Common misconceptions

  • Business analytics is just about making charts.

    Business analytics covers comprehensive statistical analysis, predictive modelling, machine learning, optimisation, and data-driven strategy beyond just making charts.

  • This programme is only for those with IT backgrounds.

    Business analytics skills are valuable for business, finance, marketing, operations, HR, and healthcare professionals who want to leverage data.

  • Business analytics is the same as data science.

    While related, business analytics focuses more on business decision-making, KPIs, and strategy, while data science focuses more on algorithms, programming, and infrastructure.

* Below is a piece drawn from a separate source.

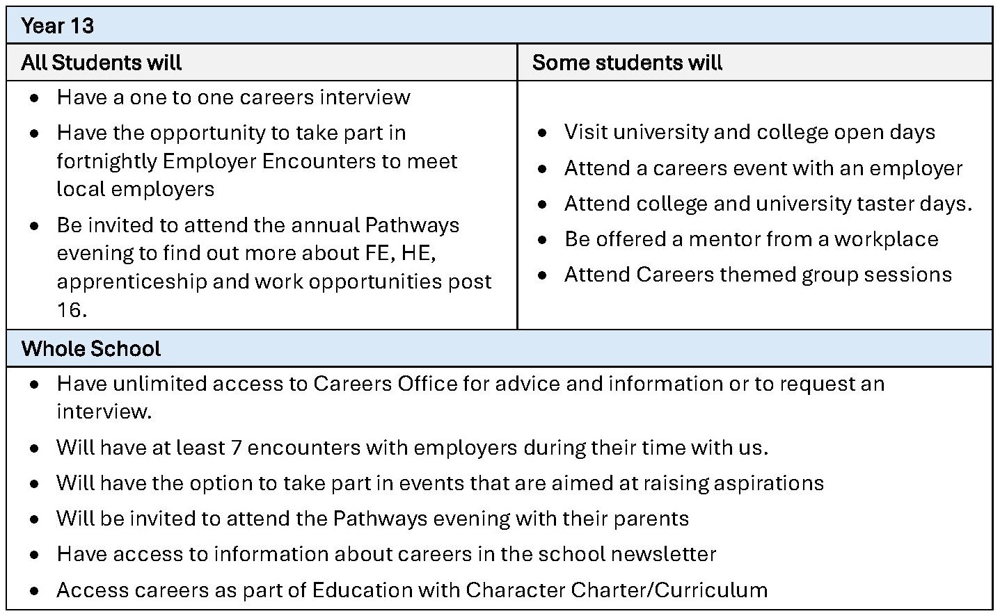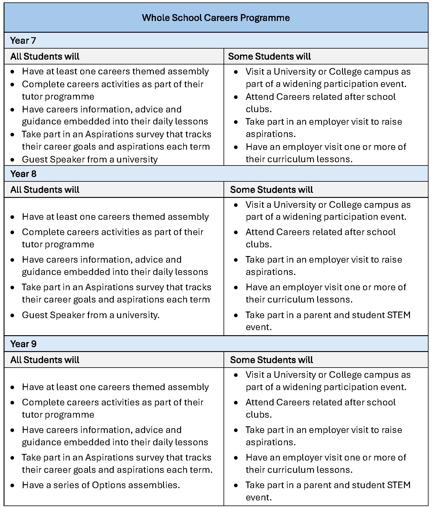To provide an inspiring and innovative program of CIAG, which aims to raise the aspirations of all students. To empower them to make reasoned, informed and appropriate careers choices, which enable them to fulfil their individual potential. Careers Education, Information, Advice and Guidance meets standards suggested by the Gatsby benchmarks.

  • Machine learning is just about building models.

    Machine learning covers comprehensive data preparation, feature engineering, model selection, validation, deployment, monitoring, and ethics.

  • Data visualisation is just about making dashboards look good.

    Data visualisation covers comprehensive visual perception, dashboard design, interactive visualisation, storytelling, and effective communication.

  • Business intelligence is just about reporting.

    Business intelligence covers comprehensive data warehousing, ETL, OLAP, data governance, self-service analytics, and BI architecture.

Related courses

Further reading

Keep this

Fees and entry marks for Master of Science in Business Analytics are restated every intake. Save it and the app keeps this version, so you can see what changed when it does.